For biochemical evaluation, samples at week 1 (n = 3–6) and 6 (n = 5–14) of culture were harvested, and the chondral compartment was removed and with a razor blade and digested in papain (Papain from papaya latex, Sigma Aldrich) at 60 °C overnight. Sulphated glycosaminoglycan and DNA contents of the constructs were quantified performing a dimethylmethylene blue (DMMB, Sigma-Aldrich, The Netherlands) colorimetric assay and with a Quan-iT-Picogreen-dsDNA-kit assay (Molecular Probes, Invitrogen, Carlsbad, USA). For histological analysis, samples at day 42 (n = 3) were fixated in 4% buffered formalin. For paraffin embedding, samples were decalcified with 0.5M EDTA disodium salt for 1 day. Dehydration was performed through a graded ethanol series, followed by clearing in xylene, embedding in paraffin, and slicing into 5 μm thin sections with a microtome. Sections were stained with safranin-O and Fast Green to visualize GAGs and collagens. Immuno-histochemistry was performed to visualize collagen type I (primary antibody EPR7785, 0.0022 mg./ml., Abcam) and Collagen type II (primary antibody Col2AI II-II6313, 0.6 mg./ml., DSHB). Endogenous peroxidases were blocked via incubation with 0.3% v/v hydrogen peroxide. Antigen retrieval was performed with pronase and hyaluronidase for collagen type II and collagen type I, respectively, at 37 °C. Subsequently, sections were blocked with bovine serum albumin (BSA, 5% w/v in PBS) for 1 h at room temperature, and the primary antibody was incubated overnight at 4 °C. IgGs were used as negative controls. Horseradish peroxidase-labelled secondary antibodies were added for 1 h at room temperature, and the staining was developed using 3,3-diaminobenzidine. Nuclei were counterstained with haematoxylin and sections were mounted in DPX (Millipore).

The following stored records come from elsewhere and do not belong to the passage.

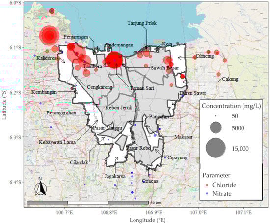 We selected chloride and nitrate as indicators of sea water intrusion and anthropogenic contamination, such as fertilizer use and wastewater intrusion, respectively, because these anions are conservative in groundwater, and high concentrations of these anions make groundwater unsuitable for drinking. The spatial distribution of chloride and nitrate concentrations above the water quality standards is shown in Figure 9. High chloride concentrations were found only in the northern region along the coastal area, which indicates seawater intrusion in the north, such as in the districts of Penjaringan, Pademangan, Tanjung Priok, Cilincing, and Kalideres; this intrusion is spreading to the south in the eastern region of Jakarta, such as Cakung and Duren Sawit Districts. The northwestern region has very high chloride concentrations, which correspond to a depression cone in the same region (Figure 3a). High nitrate concentrations in the groundwater were detected in East Jakarta (Cipayung and Makasar Districts) and the southern region of Jakarta, which may be caused by agricultural fertilizers and/or the improper disposal of human/animal waste.
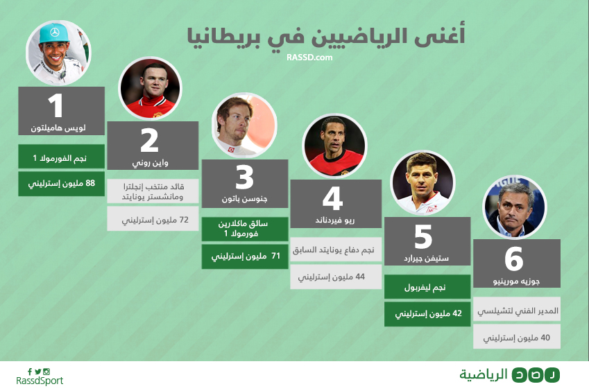 تصدر نجم سباقات السرعة لويس هاميلتون، سائق فريق مرسيدس في بطولة العالم للفورمولا 1، قائمة أغنى الرياضيين في بريطانيا، بينما جاء في المركز الثاني واين روني قائد منتخب إنجلترا ومانشستر يونايتد.
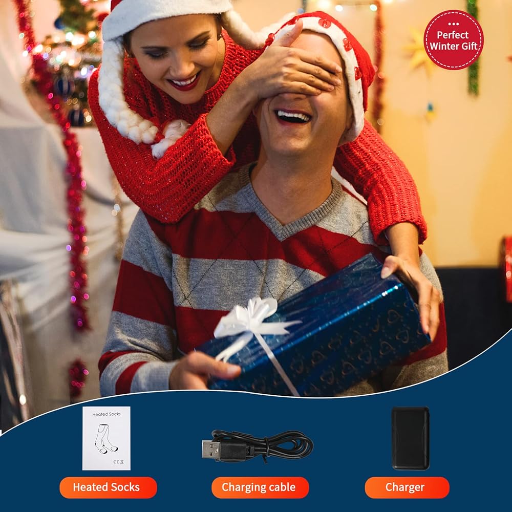 <p>🔥【Rechargeable Warm Socks Including】You'll get 1 pair of heated socks, 2pcs 4000mAh batteries, 1pcs charger, and 1pcs user manual. Accept clean with machine wash (in washing bag). Heated socks are given to your family and friends as winter ideal gifts, they will have a warm winter when taking part in outdoor activities.</p>

For the osteochondral constructs, in order to visualize structure without removing the PCaP scaffold due to de-calcification steps, one formalin-fixed sample was dehydrated through a graded ethanol series and embedded in a methyl methacrylate (MMA) resin. Sections (300 μm thick) were obtained with a saw microtome (Leica SP 1600). Thereafter, all sections were stained with basic fuchsin to assess scaffold morphology. Histological slides were imaged using a light microscope (Olympus BX51, Olympus Nederland B.V.) equipped with a digital camera (Olympus DP73, Olympus Nederland B.V.).

2.12.3. Interfacial adhesion strength at the engineered osteochondral interface after culture

At day 1 (n = 3) and 42 (n = 9), osteochondral structures were harvested and kept in medium to ensure hydration. To determine the strength of the connection at the interface between the cartilaginous compartment and the PCaP-based bone compartment, the same settings that were performed for cellfree structures was applied.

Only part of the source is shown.